Turns out that the bug was reported against Dapper very early on. A patch was even posted more than a month before the release of Dapper. From there, it took 11 months for the 2-line fix to be applied and released. And if it wasn't for me harassing some of the developers (thanks crimsun, tritium for pushing the fix in), I don't think the fix would never have made it.

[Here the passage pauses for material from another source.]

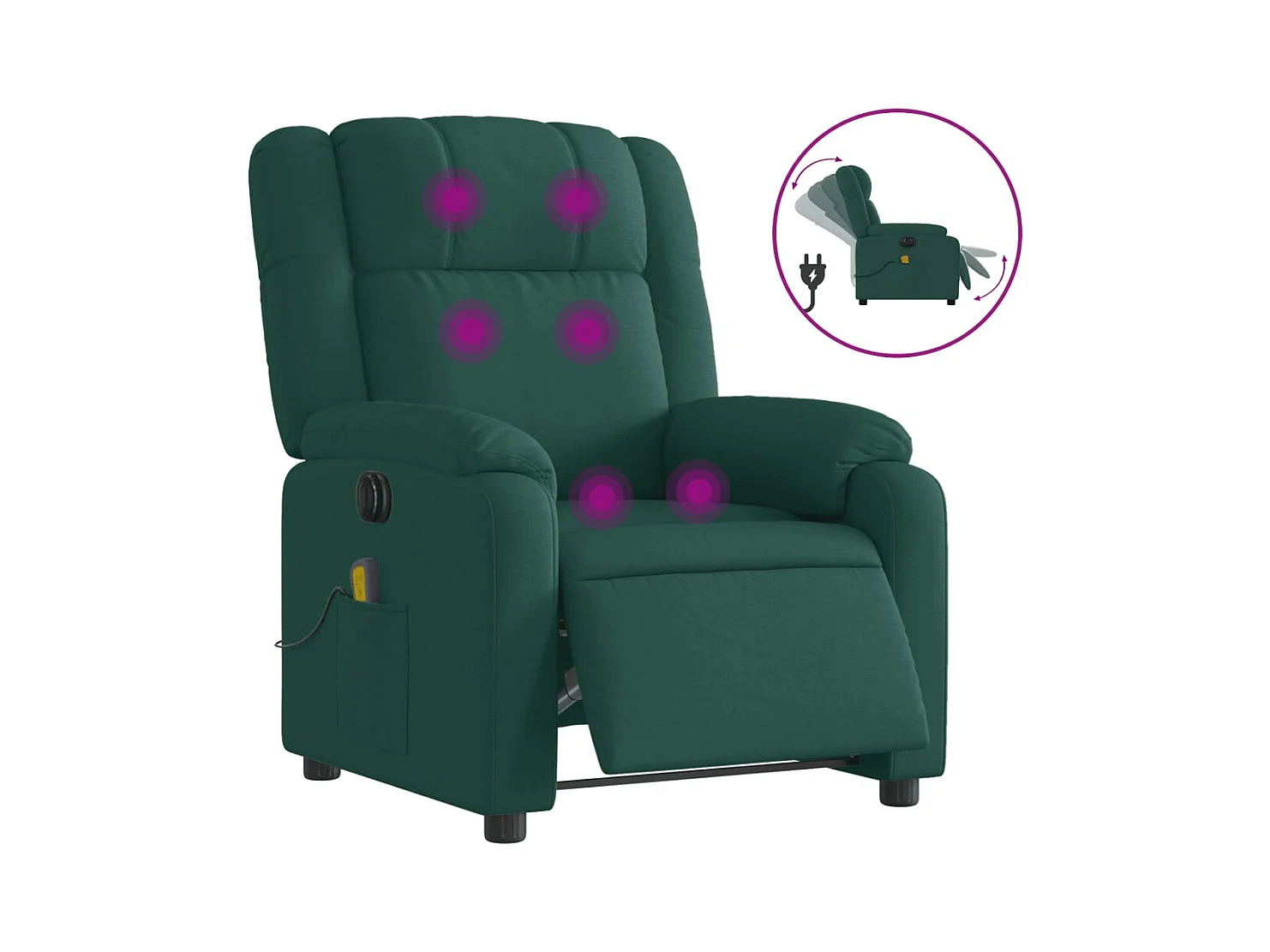 Fauteuil de massage inclinable électrique Vert foncé Tissu REO45917
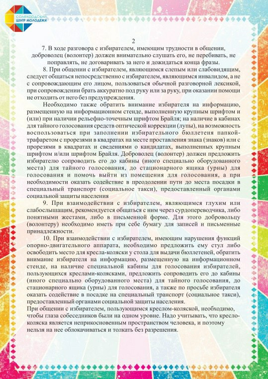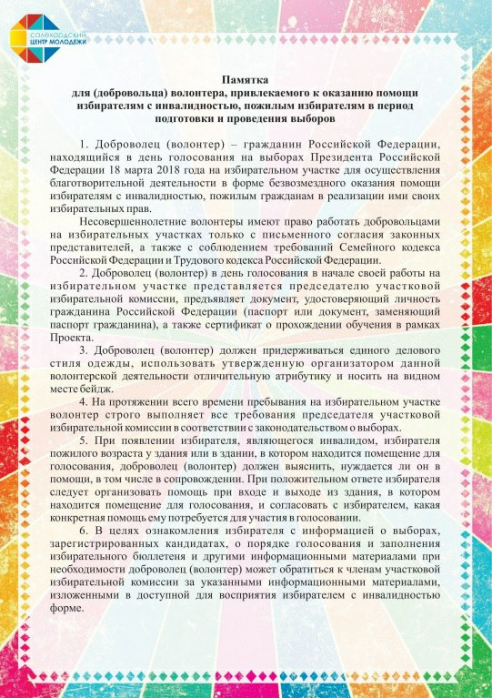 По завершению встречи волонтерам розданы памятки для использования в работе с инвалидами, а также для оказания содействия гражданам пожилого возраста во время избирательной кампании в день голосования.

Sometimes one wonders why it is that Ubuntu has a bug tracker. Another example is bug #52600. You can't see it because it's marked as a security bug, but considering I filed it more than 8 months ago, I don't think making it private makes sense anymore. That one comes down to the fact that any local user with no privilege can crash a Dapper machine very easily. You just compile the following program:

#include <sched.h>
int main() {
struct sched_param param;
param.sched_priority = sched_get_priority_max(SCHED_FIFO);
sched_setscheduler(0,SCHED_FIFO,¶m);
while(1);
}

and then execute it. What this does is simply ask the maximum real-time priority and then spin doing nothing, starving every single other process on the machine and forcing a reboot. While allowing SCHED_FIFO to some users in some circumstances makes sense, I can't understand why it's enabled for everyone on the system. It's a bit like making the shutdown command setuid root. Yeah for the Ubuntu LTS (Long Time to get Support) process!